I want to know how the bit pattern 00, 01 ,10,11 may be obtained using a counter (2 JK flip flops, synchronous).

Truth table for JK :

clock	J	K	next state
0	dc	dc	old value
1	0	0	old value
1	0	1	0
1	1	0	1
1	1	1	toggle

Answer 1

 

Present State		Next State		Flipflop Inputs*
$A$	$B$	$A^+$	$B^+$	$J_A$	$K_A$	$J_B$	$K_B$
$0$	$0$	$0$	$1$	$0$	$X$	$1$	$X$
$0$	$1$	$1$	$0$	$1$	$X$	$X$	$1$
$1$	$0$	$1$	$1$	$X$	$0$	$1$	$X$
$1$	$1$	$0$	$0$	$X$	$1$	$X$	$1$

*use excitation table of JK flipflop 

Solve for $J_A,K_A,J_B\;\text{and}\;K_B$ using K-map 

$J_B=1\quad K_B=1\quad J_A=B\quad K_A=B$

Now draw the counter using these equations 

Comments

Unfortunately i am not able to connect/ paste the diagram.

I drew 2 JK FFs.

Initially :

J1=0  K1=1

J2=0 (clock providing input to it, basically clock is low)

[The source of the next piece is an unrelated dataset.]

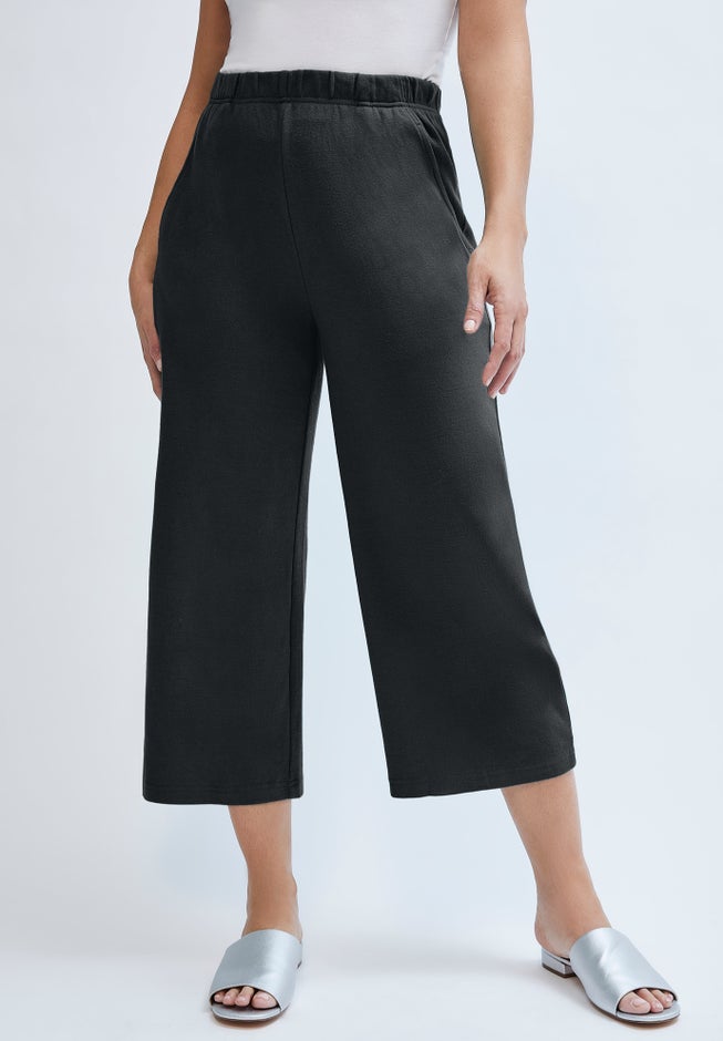 Our soft knit in a comfortable, cropped wide leg silhouette. Pair these flattering, grab-and-go bottoms with a knit tee and denim jacket for easy, all-day wear.

Q1 serves as input to K2 (so, initially K2=0)

This is how, Q1 = Q2 = 0 initially.

Now, i worked it out using a combination of Truth table and excitation table as follows (It seems fine. I want to know if this approach is ok...)

clock	J1	K1	Q1	J2	K2	Q2
H	0	1	0(TT)	1	0	1(TT)
L	1	1	1(ET	0	0 retained from previous Q1	1(TT)
H	1	1	0(TT)	1	1 retained from previous Q1	0(TT)

---

initially $AB = 00$

$J_B=1 \;, K_B=1;\;\text{Toggle, or}\; B^+= J_BB'+K_B'B=1$

$J_A=B=0 \;, K_A=B=0;\;\text{No Change, or}\; A^+= J_AA'+K_A'A=0$

Next State $AB = 01$

$J_B=1 \;, K_B=1;\;\text{Toggle, or}\; B^+= J_BB'+K_B'B=0$

$J_A=B=1 \;, K_A=B=1;\;\text{Toggle, or}\; A^+= J_AA'+K_A'A=1$

Next State $AB =10$

$J_B=1 \;, K_B=1;\;\text{Toggle, or}\; B^+= J_BB'+K_B'B=1$

$J_A=B=0 \;, K_A=B=0;\;\text{No Change, or}\; A^+= J_AA'+K_A'A=1$

Next state $AB=11$

$J_B=1 \;, K_B=1;\;\text{Toggle, or}\; B^+= J_BB'+K_B'B=0$

$J_A=B=1 \;, K_A=B=1;\;\text{Toggle, or}\; A^+= J_AA'+K_A'A=0$

Next state $AB=00$ .... so on it will repeat the sequence

Answer 2

Well according to your question, assume values of q0=0 and q1=0.

 DESIRED OUTPUT IS : 00 01 10 11

 J1=K1=1, J1=Q0 exor Q1 , k0=0